Beginning with a BIG Secret Beach: Cape Falcon and Falcon Cove
Rockaway Beach, Manzanita, Wheeler, Nehalem Bay Virtual Tour, Oregon Coast
The southern section of the beach changes radically, becoming primarily large boulders and rocks, perhaps about a quarter mile of strange formations and large logs, including an arch-like structure near where this rocky patch ends. The wave action is a little wild here in spots, so you’ll need to keep your eye on it. It is a spectacular and wild area, filled with interesting moments left and right. Check out the cliffs closely and you may spot fossils buried in there.
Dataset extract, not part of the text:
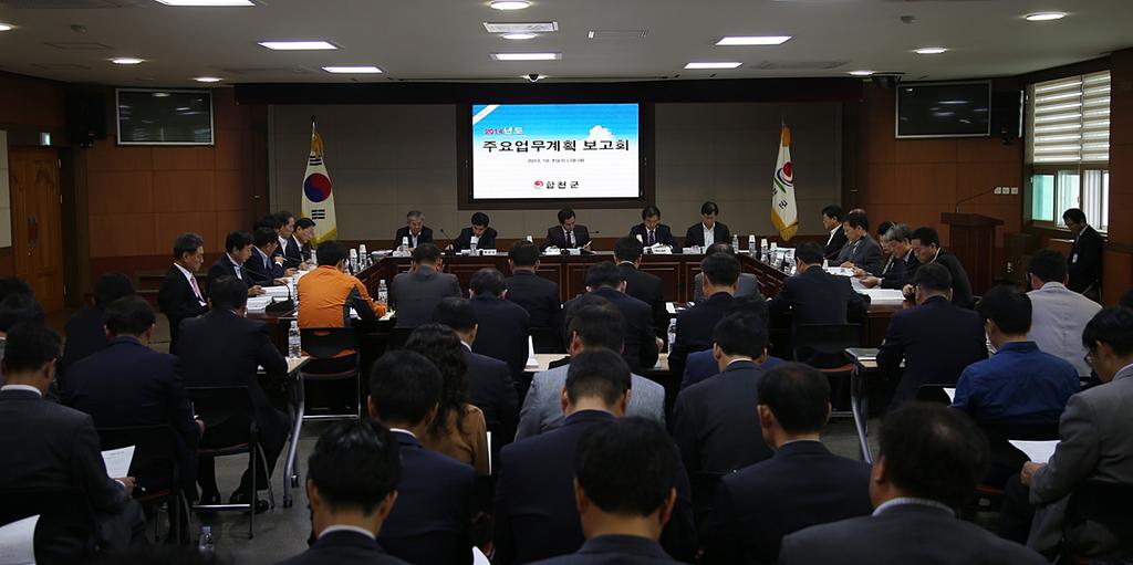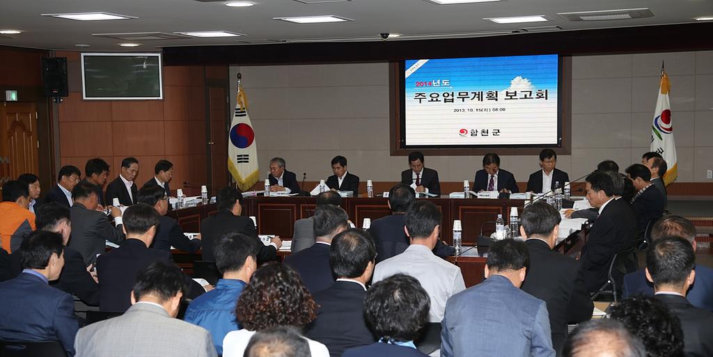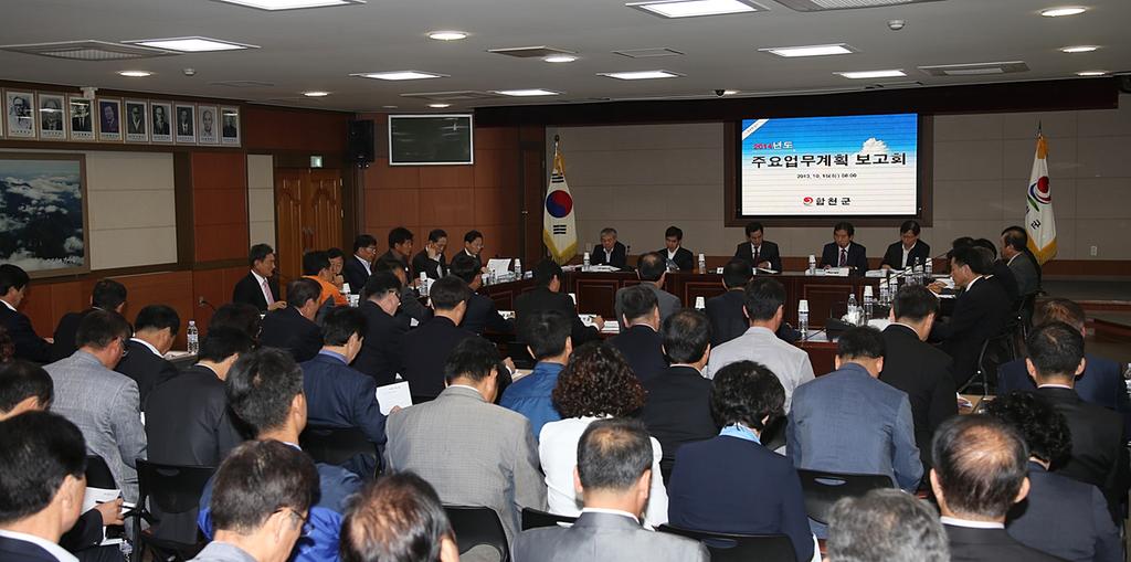 합천군은 15일 군청 3층 대회의실에서 하창환 군수, 김해용 부군수를 비롯한 실과단사업소장 및 부서별 담당 등 120여명이 참석한 가운데 2014년도 군정주요업무 보고회를 가졌다.

In November of 2004, the pre-cursor to Oregon Coast Beach Connection ran this piece about one fossil find:
In the summer of 2003, I found an intriguing object embedded in the rock while wandering the hard-to-traverse rocky chunks of a hidden beach spot around Oswald West State Park (at the end of Falcon Cove Road).
Having seen the fossilized remnants of trees embedded deep in the basalt caves at Silver Creek State Park, I wondered if this was animal or vegetable. Luckily, one of the Oregon Coast's foremost experts on fossils happens to be our columnist. Guy DiTorrice clued me in.
He told me it was a "rock scallop, seen from the interior, with the hinge line on the left side. Take a wire brush to it and you'll see the high-sheen polish. The backside (still embedded) will be ruffled design, usually pocked with worm- and clam-drilled holes."
So, what is a "rock scallop," I asked. I wondered if had something to do with that old B-52's song, "Rock Lobster?" He said they are non-swimming scallops that attach themselves to rocks near the shore. He added the scallop is the logo shape used by Shell Oil Co.
The next logical question then is: how might this fossil be? Guy said the brownish rock color indicates Astoria Sandstone, which "could be as young as 12 million years old, and as old as 17 million."
If that's not cool enough, Guy provided some interesting tips about their modern-day descendants. "They are great eating, have much larger muscles (the meat) than the commercially-harvested swimming scallop cousins."
DiTorrice was known as "Fossil Guy," leading tours around Central Coast beaches to show you how to find all kinds of fossils - until he moved to the midwest in recent years.